= Stichting Academisch Erfgoed =

The Stichting Academisch Erfgoed (SAE), in English the Dutch Foundation for Academic Heritage, is a network of Dutch universities that supports these universities' heritage and cultural collections.

== Mission ==
The Dutch Foundation for Academic Heritage helps to protect university heritage, to make it more accessible and known to the public.

== History ==
The SAE was founded in 1997, when Dutch State Secretary Aad Nuis reserved a subsidy of 12 million guilders via the Mondriaan Stichting. At that point, a plan was developed for future maintenance and management of the universities' collections. The SAE then made a first selection of valuable and save-worthy collections and objects, developed first guidelines to use these collections in education and research, and to make them better available for the broad public.

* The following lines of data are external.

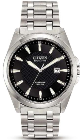
BM7100-59E $495.00 41 mm SS SC SS FCP SP WR100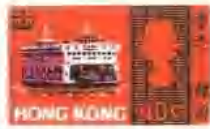
H21 海上交通工具，1968年4月24日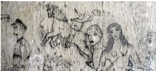
Teilansicht der Bleistiftzeichnungen im ehem. „Kleinen Krankensaal“

Von Häftlingen angefertigte Bleistiftzeichnungen machen dies auf eine besondere Weise möglich. Sie dokumentieren die Erfahrungen und Sehnsüchte der Männer im KZ Drütte. Zukünftig werden sie im Rahmen einer Gedenkstättenführung zugänglich sein.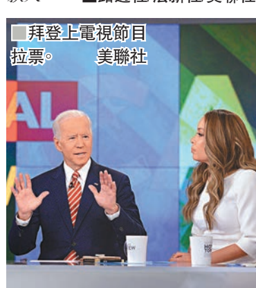
■拜登上電視節目拉票。

另一方面，拜登競選團隊前日表示，拜登在宣佈參選後首24小時，已在網上籌得630萬美元(約4,940萬港元)競選經費，以參選首天而言，是民主黨所有參選人中最多，當中61%捐款來自新的捐款人。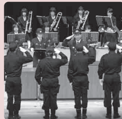
永年にわたりご活躍された方々を表彰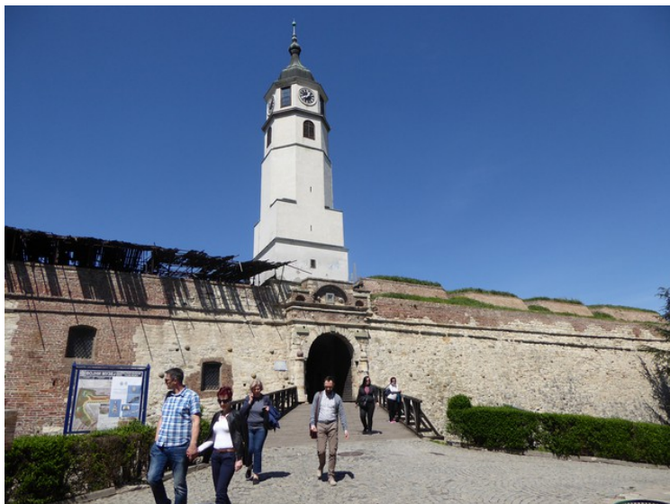
Her er Klokke-porten som er den innerste porten her. Den har fått navnet sitt fordi den er plassert rett under klokketårnet.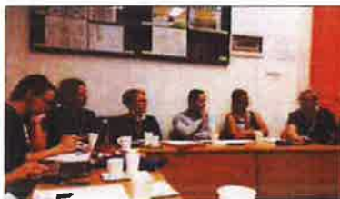
Slika 52. - partnerski sastanak na projektu E-VOKED (Erasmus+) u Muzeju, listopad 2019.

Cilj ovog projekta je razmjena iskustava i razvoj zajedničkih primjera dobre prakse u muzejima za rad s posebnim obrazovnim skupinama - učenicima strukovnih škola i studentima određenih struka vezanih za trgovinu, turizam, pomorstvo, tekstil ili ugostiteljstvo.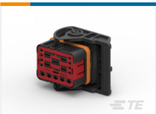
TE 产品编号5-2208775-8 53POS, MIXED,REC HSG,ASSY, SEALED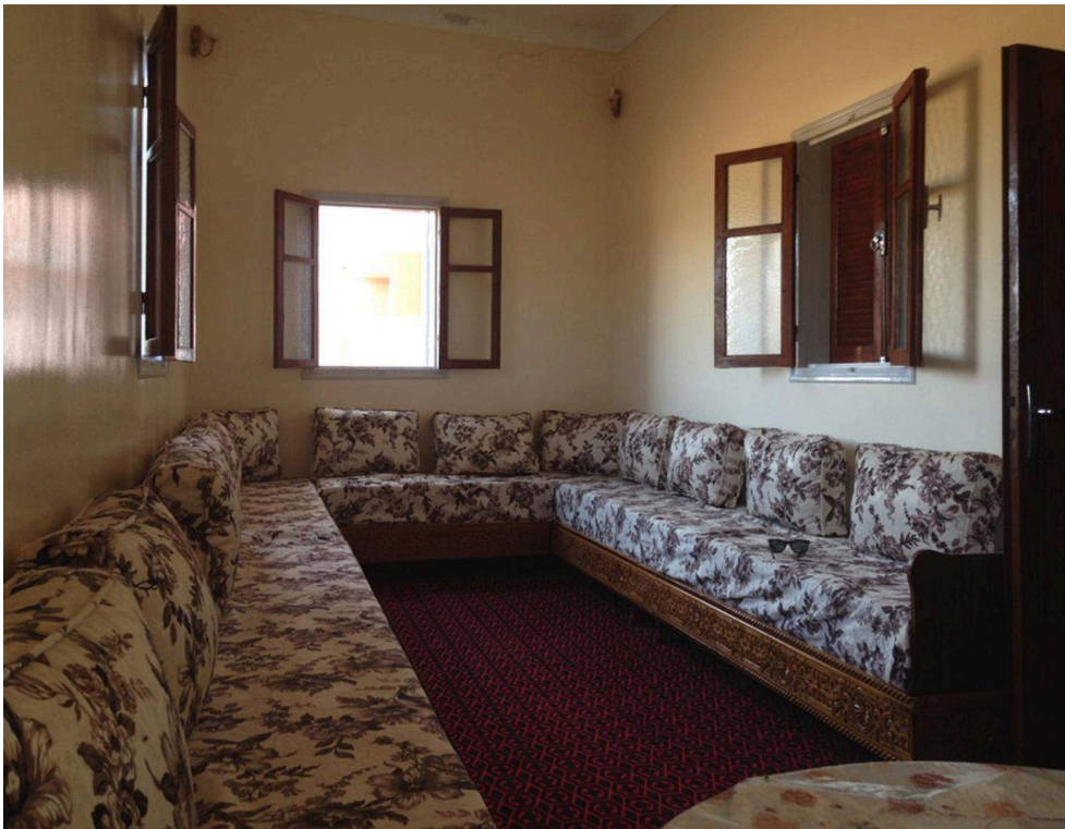
Illustration 2. Salon d'un retraité marocain, environs de Tiznit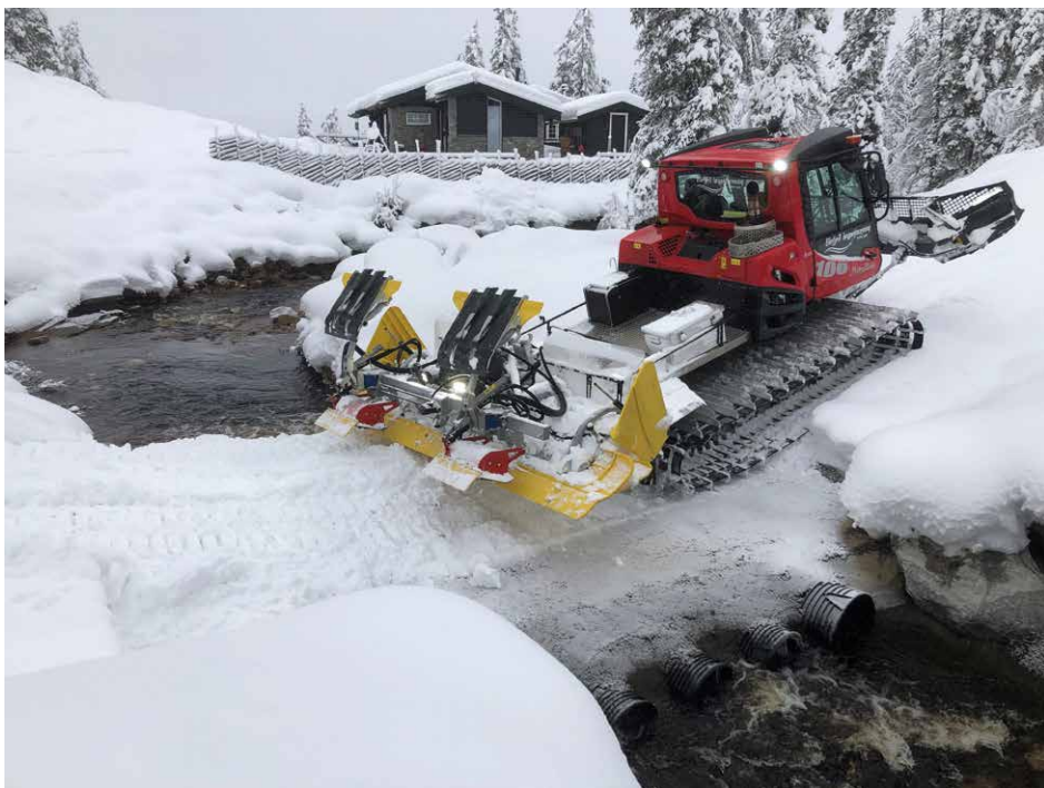
NY BRU: Det er bygd ny bru over elva mellom Sandvatnet og Mjovatnet.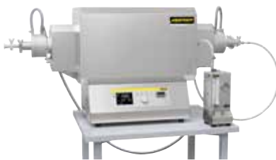
Kompakter Rohrofen zum Sintern oder Spannungsarmglühen nach dem 3D-Druck unter Schutzgas oder Vakuum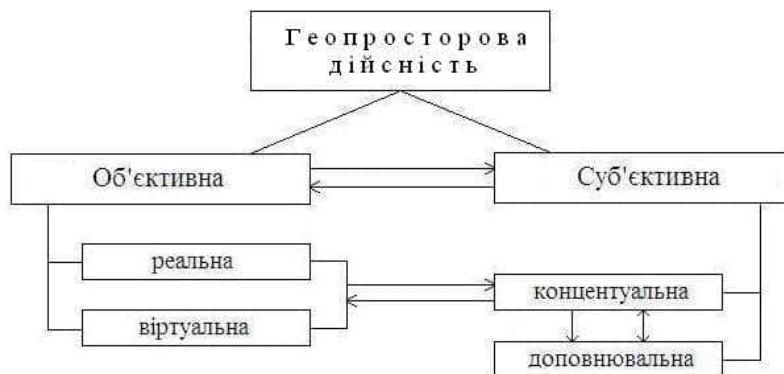
Рис. 2. Логічна модель геопросторової дійсності

фічного, соціально-економічного, геоекологічного, політико-географічного розвитку регіонів і світу загалом тощо. Її об'єктну сферу утворюють також вербальні і візуальні твори мистецтва (література, живопис), у яких відображено Світ у єдності усіх виявів.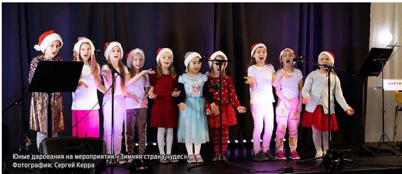
Юные дарования на мероприятии «Зимняя страна чудес»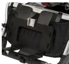
Podstawa pod respirator LTV lub Trilogy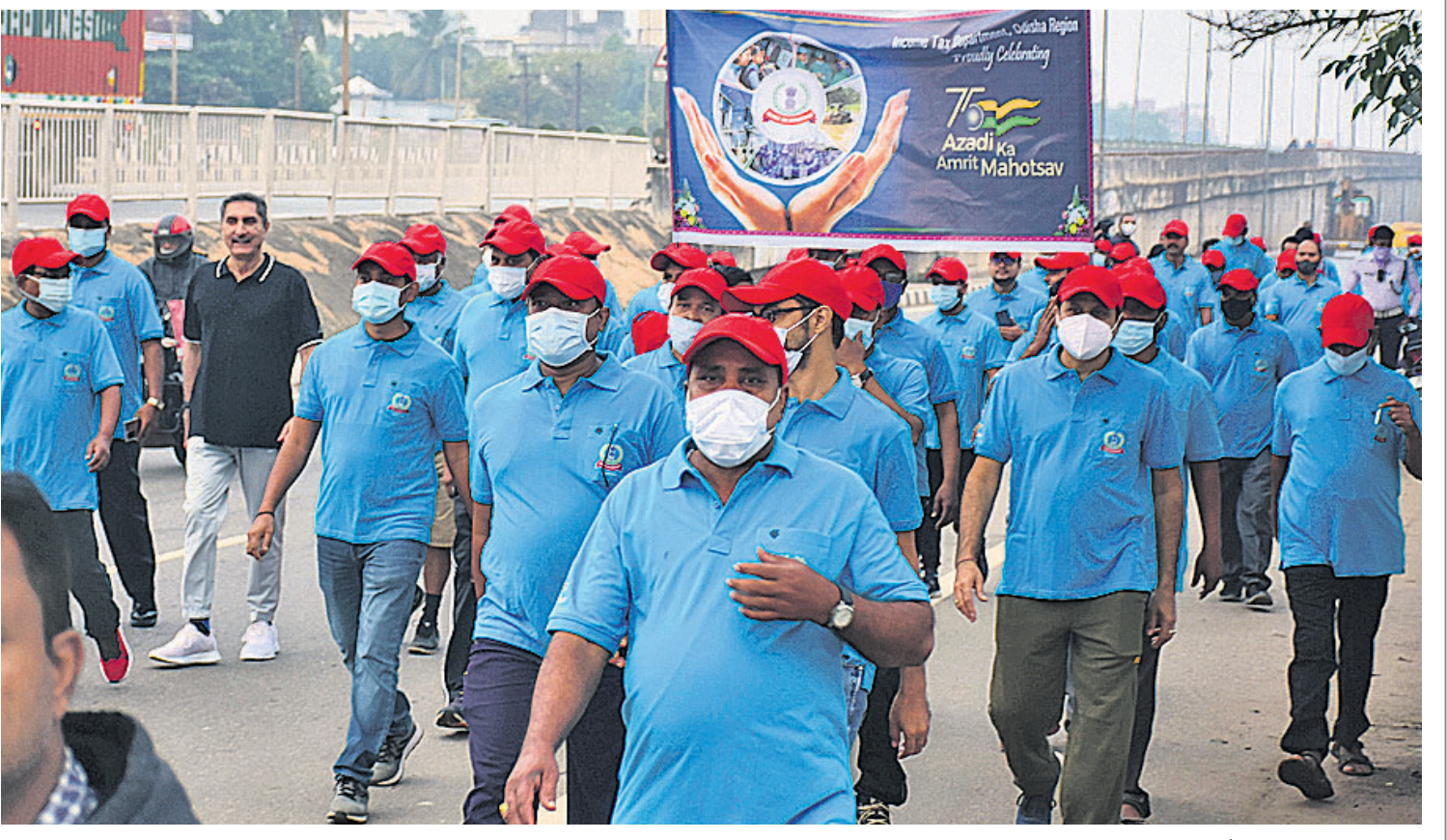
ଆୟକର ବିଭାଗ ପକ୍ଷରୁ ବୁଧବାର ଭୁବନେଶ୍ୱରରେ ଆୟୋଜିତ ଚାକ୍ଷୀପତ୍ରରେ ଭାଗ ନେଇଥିବା ପ୍ରତିପାଳ ଚିଫ୍ କମିଶନର ପରମାତ ବିଂ ସର୍ବଦେବ...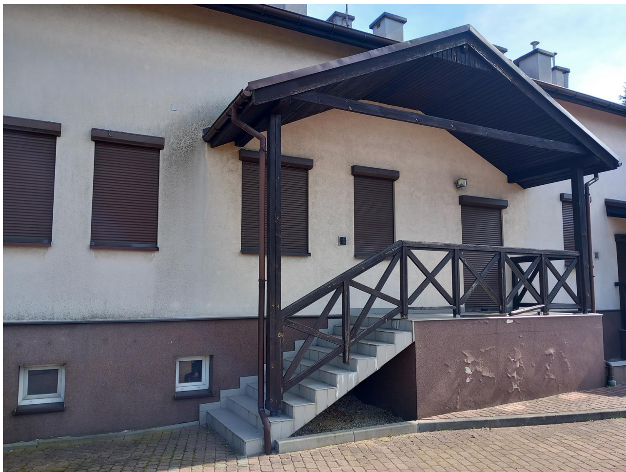
Zdjęcie nr 7. Balustrada drewniana do odtworzenia i wymiany. Elementy drewniane do impregnacji. Płytki w biegu schodowym do wymiany.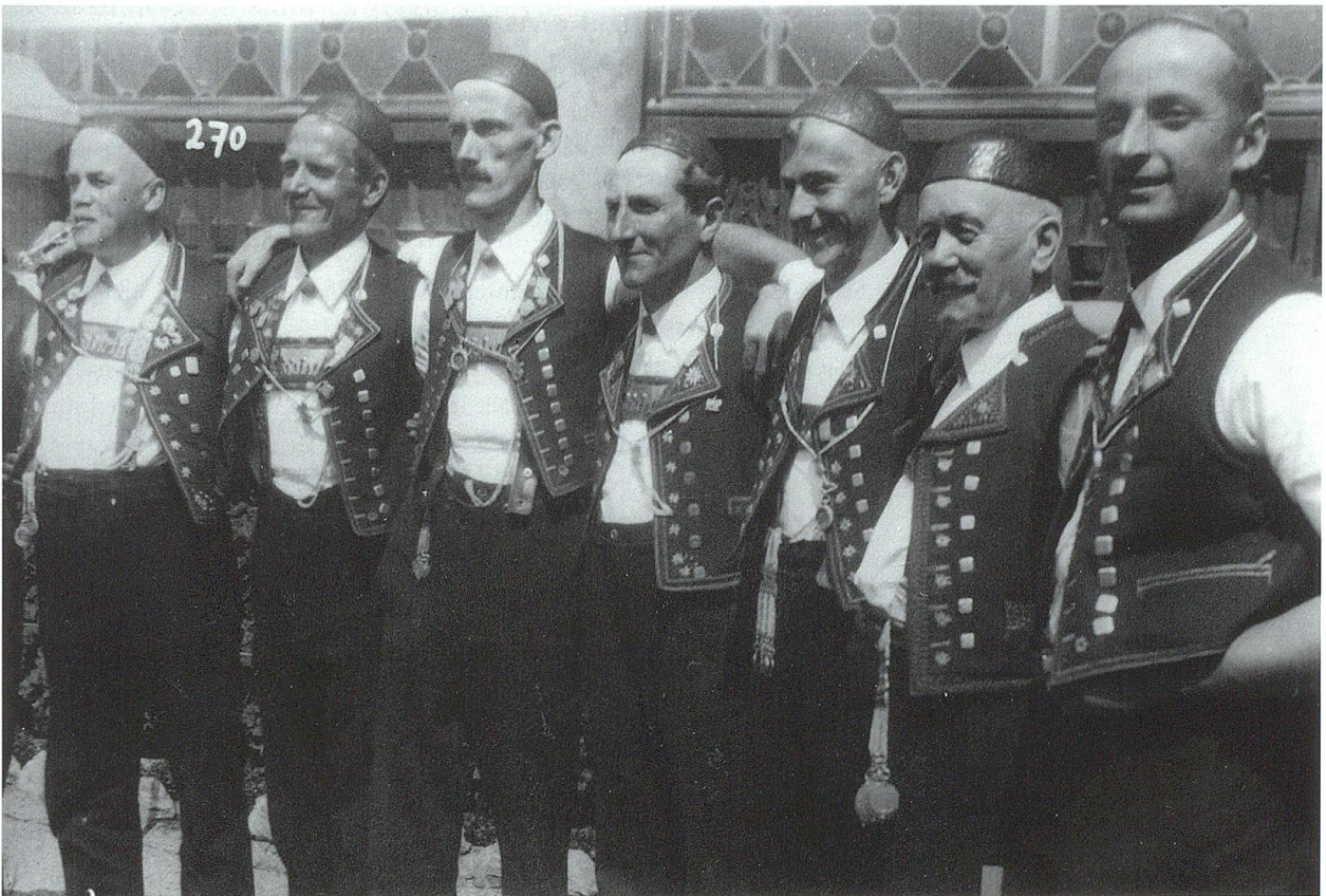
Festtag unter Toggenburgern. Postkarten aus den 1930er Jahren. TML.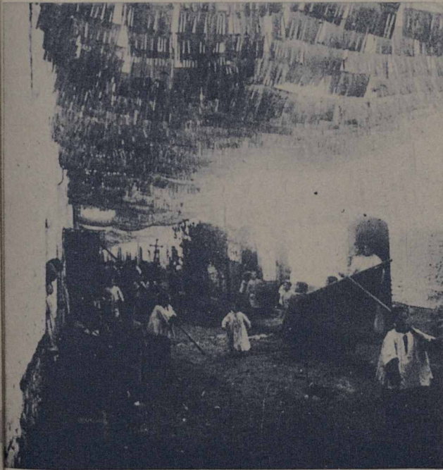
Carrer de Corró, Festa dels Sts. Metges a finals del segle XIX.

The SAE has initiated various thematic projects, about botanical, medical and geological collections. In 2012, the SAE also launched a shared collection website for academic heritage.

==Members==

- Universiteit van Amsterdam
- Delft University of Technology
- Eindhoven University of Technology
- University of Groningen
- Leiden University
- Maastricht University
- Radboud University Nijmegen
- Free University of Amsterdam
- Utrecht University
- Wageningen UR
Museum Boerhaave participates as an associate member.